Tally every line of the entries that contains the string "from", then reply with only that number.

DATA:
BEGIN
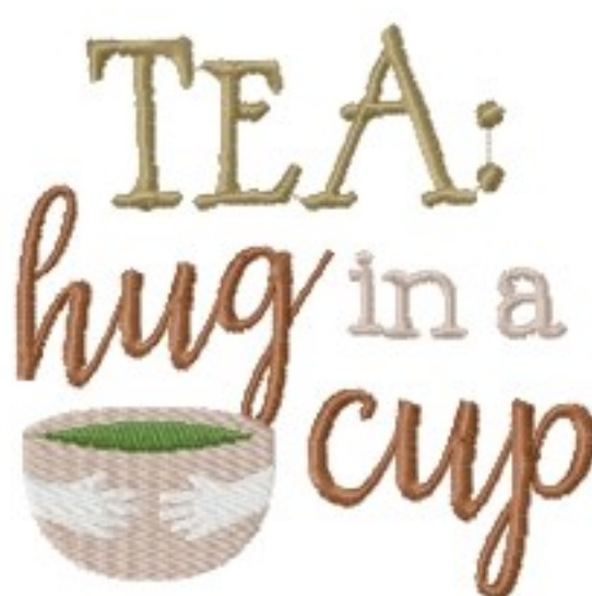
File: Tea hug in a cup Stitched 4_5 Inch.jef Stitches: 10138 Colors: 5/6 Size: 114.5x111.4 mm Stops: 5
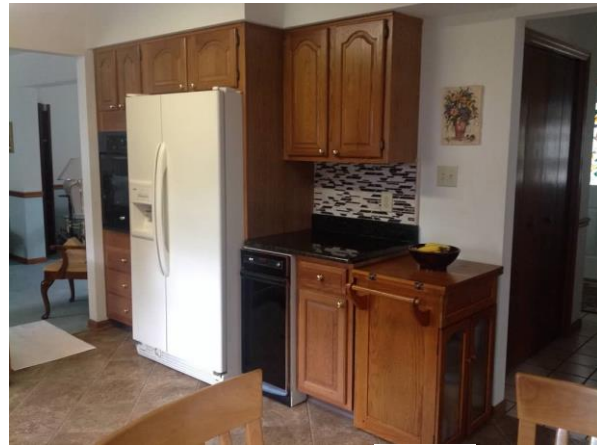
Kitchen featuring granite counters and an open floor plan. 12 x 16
END
BEGIN
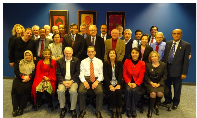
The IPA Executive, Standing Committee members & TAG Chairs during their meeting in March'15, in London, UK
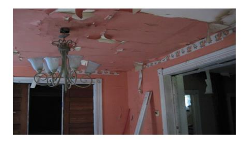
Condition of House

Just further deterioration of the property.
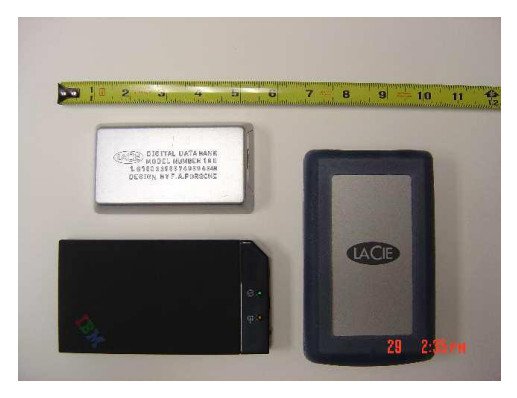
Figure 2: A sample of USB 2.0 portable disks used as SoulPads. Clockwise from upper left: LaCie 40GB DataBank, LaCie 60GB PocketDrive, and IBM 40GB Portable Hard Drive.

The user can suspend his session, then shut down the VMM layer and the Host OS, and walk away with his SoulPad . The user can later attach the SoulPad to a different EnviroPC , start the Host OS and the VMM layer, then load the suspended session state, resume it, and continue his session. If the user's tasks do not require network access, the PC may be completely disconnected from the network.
END
ANSWER SECTION: 2